Price laughed. “Right on, man.”
Sebeck glanced at the Scale of Themis at the center of his HUD display. Locally, power was leaning a bit to the left—widely distributed. “Jon, humor me: look at the Scale of Themis.”
“Okay.” Ross started clicking on D-Space objects. “What about it?”
“I’ve been noticing this. Dial it back to look at the global distribution of darknet power.”
Ross did so, and Sebeck already knew what he was seeing; the Scale of Themis had moved dramatically to the right—nearly three-quarters of the way. It meant that darknet power in much of the world was concentrated in relatively few hands.
“Is this really an improvement over what we have now? You’ll find the reputation ranking per level is below average also—two stars out of five. So there’s a concentration of power among people of questionable character.”
Ross confirmed this with a few clicks and stared at the objects in D-Space. “The darknet is still new in many places—and being taken up first by misfits and outsiders—like most new frontiers. That was the case here in the beginning as well—just look at Loki’s reputation score.”
“But let’s not just drink the Kool-Aid here. We should always be asking ourselves if—”
“Excuse me. I don’t mean to bother you. . . .”
Sebeck looked up to see a man in his early thirties, with his wife and their infant in a stroller. The man’s call-out identif
ied him as Prescott3, his wife as Linah. “Sorry to interrupt you, but I couldn’t help notice your quest icon. Are you Pete Sebeck?”
Sebeck nodded.
“I’ve been following your quest for months. It’s an honor to have you here in Greeley. I wonder if we could get a picture with you?”
Sebeck could see the man was a sixth-level Architect with a three-star reputation score. He looked back down at the man himself, and suddenly realized how the world had changed. “Sure. Happy to.”
“Oh, that’s so nice of you. Here. . . .” He picked up his infant and extended him for Sebeck to hold in his lap. Sebeck accepted the child uncertainly—it had been a long time since he’d held an infant. As he looked down at the child, he couldn’t help but think of his own son, Chris. Sebeck had barely been seventeen when he became a father.
The parents moved in on either side of Sebeck’s chair. “I want to have this picture to show Aaron when he grows up.”
Ross was standing now looking at the four of them, aiming his HUD glasses. Sebeck remembered that most HUD glasses had built-in cameras. It was the source of all the many millions of photos and videos people were uploading to the darknet—the eyes of this distributed society.
“Smile. . . .”
Everyone smiled.
Ross then slid the virtual photo across D-Space over to the parents, and then he slid a copy over to Sebeck as well.

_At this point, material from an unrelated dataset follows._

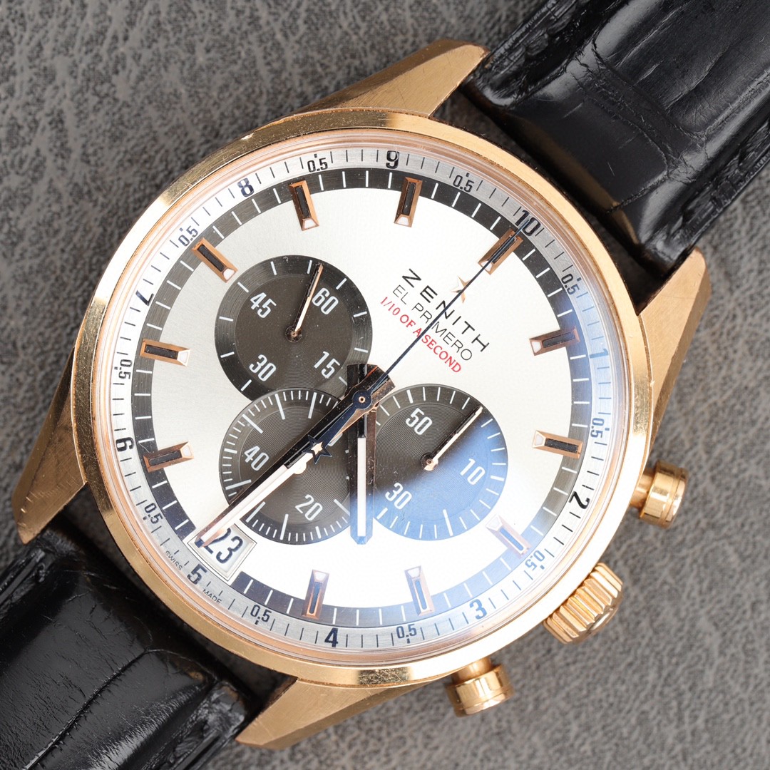 真力时 EL PRIMERO -18.2040.4052/21.C496 (JSY1104),18K玫瑰金,男士自动机械腕表,表径:42mm,店铺保修一年,专柜参考价:158000元!

The parents were cooing as they collected their son. “That looks great. Thank you so much, Rakh. Detective Sebeck. The very best of luck on your quest—for all our sakes.”
The parents started moving off, the father holding his son in his arms.
Ross watched them go. “Let’s talk about this quest of yours.”
“What about it? The Thread has been leading me in a circle around the town of Greeley for a week now. There’s something here I’m supposed to be doing or getting or understanding—and I’m not.”
“Do you think the Cloud Gate is here in Greeley?”